Ambos abandonaron la sala, encontrando cada uno al otro desagradable afuera.
Keith, ya no con la personalidad lastimera frente a Seraphina, mostraba clara confianza en sus ojos, aparentemente imperturbable ante Desmond.
Desmond tenía que admirar las habilidades de actuación de Keith, realmente fingiendo inocencia como un profesional.
Anteriormente, pensaba que ni siquiera el “loto blanco” podría burlarse de ti, pero ahora ha aprendido que incluso existen hombres así.
—¿Crees que si Seraphina viera tu verdadera naturaleza, seguiría asociándose contigo?
—A Desmond le disgustaba tratar con Keith, y gente así solo le disgustaba.
—Esa es mi preocupación, no la tuya —respondió Keith con suficiencia—.
Aunque yo no esté en el panorama, Presidente Fairchild, ¿crees que puedes recuperar a Seraphina?
Los ojos de Desmond destellaron con desdén, su tono confiado:
—Ya sea que estés aquí o no, ella es la que debo tener.
—El Sr.
Hughes esperará y verá entonces —.
Keith rió ligeramente, evidentemente dudando de las palabras de Desmond.
Por lo que sabía sobre Seraphina, las acciones pasadas de Desmond eran como puñales en su memoria.
Seraphina nunca volvería atrás.
De lo contrario, no le habría dado la espalda fría a Desmond durante tanto tiempo.
—Aunque no sea yo, no serás tú.
Le aconsejaría al Joven Maestro Hughes que se mantenga humilde —.
Desmond permaneció estoico, sin inmutarse por la burla de Keith.
Después de separarse, Desmond regresó directamente al Grupo Cloudsea.
Pensando en lo que Keith había dicho, el ceño de Desmond se frunció, rodeado de frialdad y agitación.

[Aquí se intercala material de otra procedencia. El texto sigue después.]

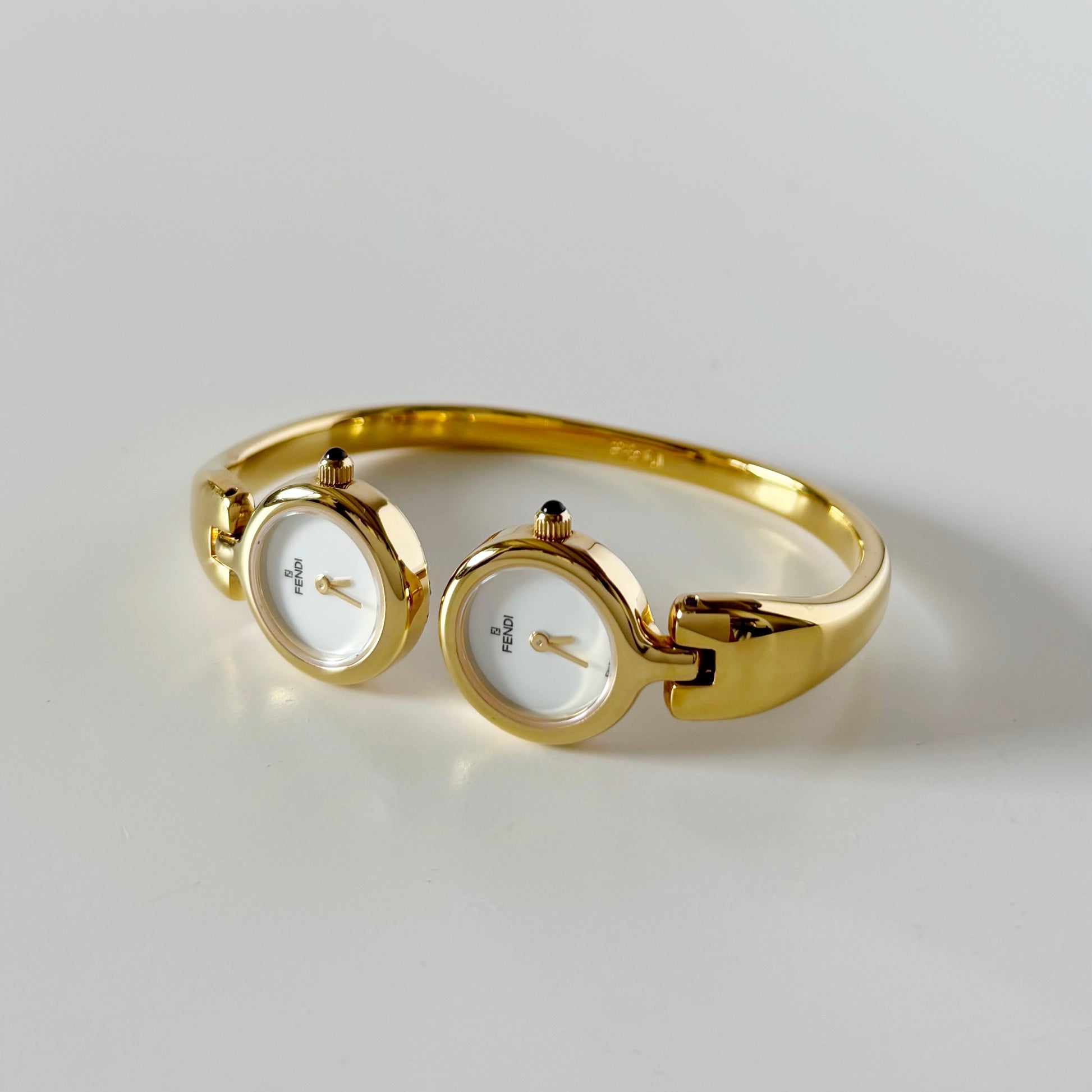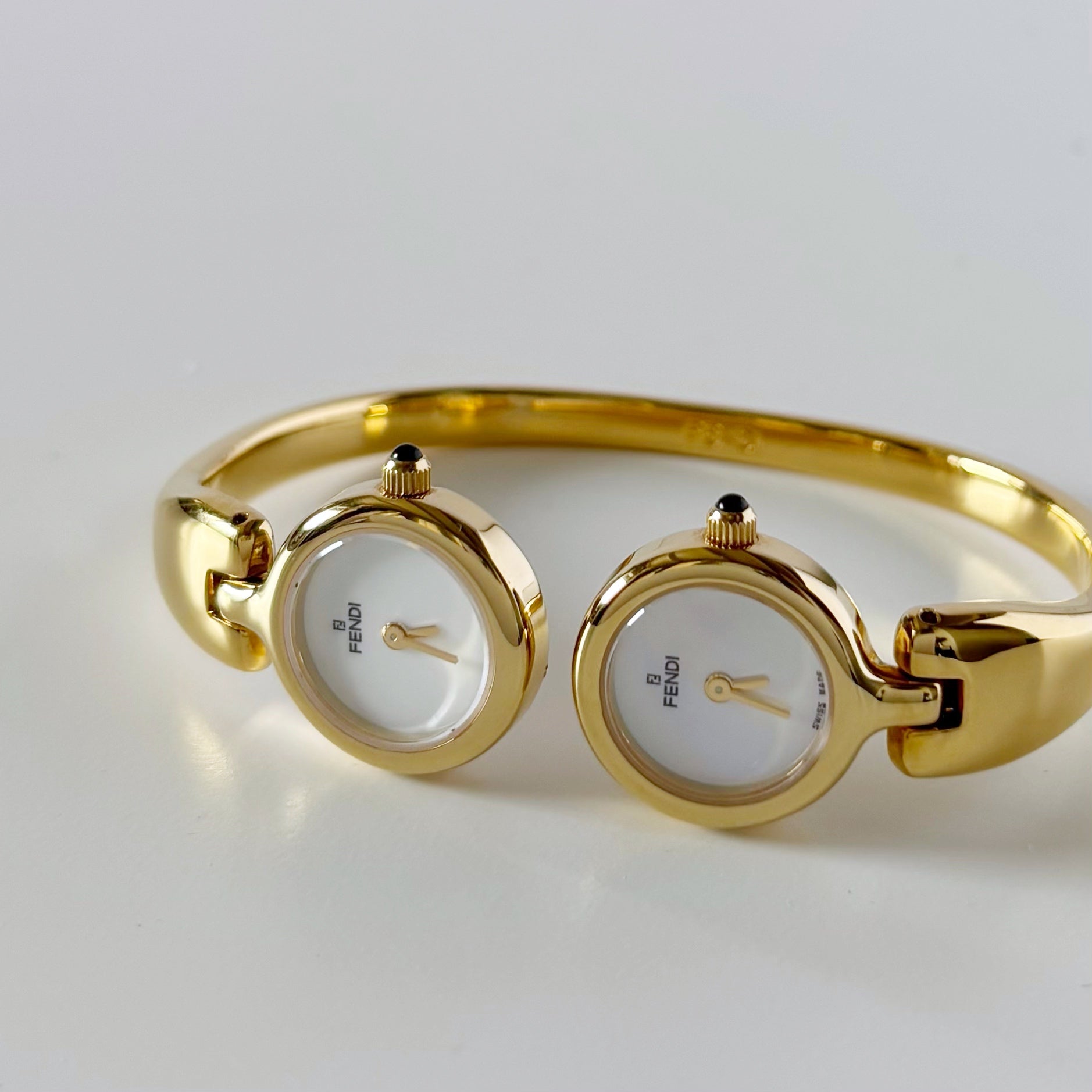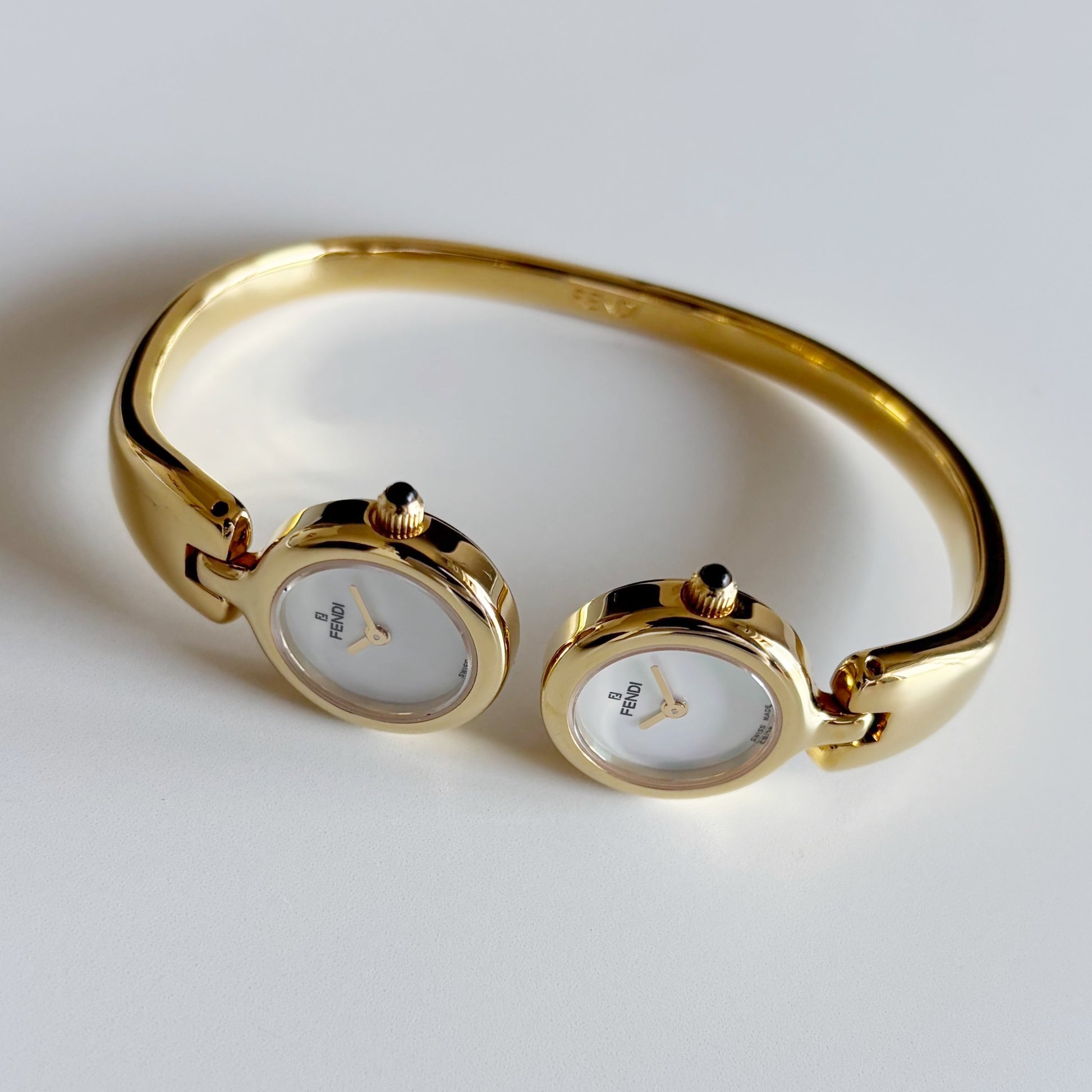 Fendi 1990s Seashell Dial Two Time Zone Gold Plated Bangle Watch

Quentin Jennings inicialmente pretendía preguntar qué había sucedido, pero al verlo así, entendió claramente.
Esto era obviamente una humillación, de lo contrario, no estaría tan furioso.
Después de prepararse mentalmente, Quentin llamó a la puerta:
—Maestro Fairchild, hay avances en la situación de la Isla Diamante, ¿es buen momento para informar?
—¡Lárgate!
Acompañado de un rugido de ira, Quentin atrapó la carpeta que le arrojaron, visiblemente aterrorizado.
—¡Sí, me voy inmediatamente!
—Claramente, el Maestro Fairchild estaba de muy mal humor hoy, intratable.
No pudo evitar preguntarse, ¿qué hizo Seraphina para molestarlo tanto?
Desmond Fairchild no era alguien que se enojara fácilmente, cuanto más calmado estaba cuando quería matar, más inexplicablemente enojado estaba ahora.
Quentin pensó así, por lo que regresó dos horas después con otro informe.
Sin embargo, todavía fue recibido con una carpeta voladora y la furiosa orden de Desmond de “largarse”.
Desconcertado, no tuvo más remedio que llamar a Seraphina para pedir consejo.
Seraphina explicó casualmente y luego preguntó a Quentin:
—¿Crees que están locos?
¿Tienen algún rencor privado?
¿Por qué pelean cada vez que se encuentran, especialmente Desmond, es extraño.
El senior no lo provocó, pero él comienza con una voz maliciosa, no tengo idea de qué está tramando.
—Hermana, ¿no entiendes por qué no se llevan bien?
—Quentin casi puso los ojos en blanco—.
¿Seraphina no podía ser tan ingenua, verdad?
¡Cualquiera podía ver que Keith gustaba de ella!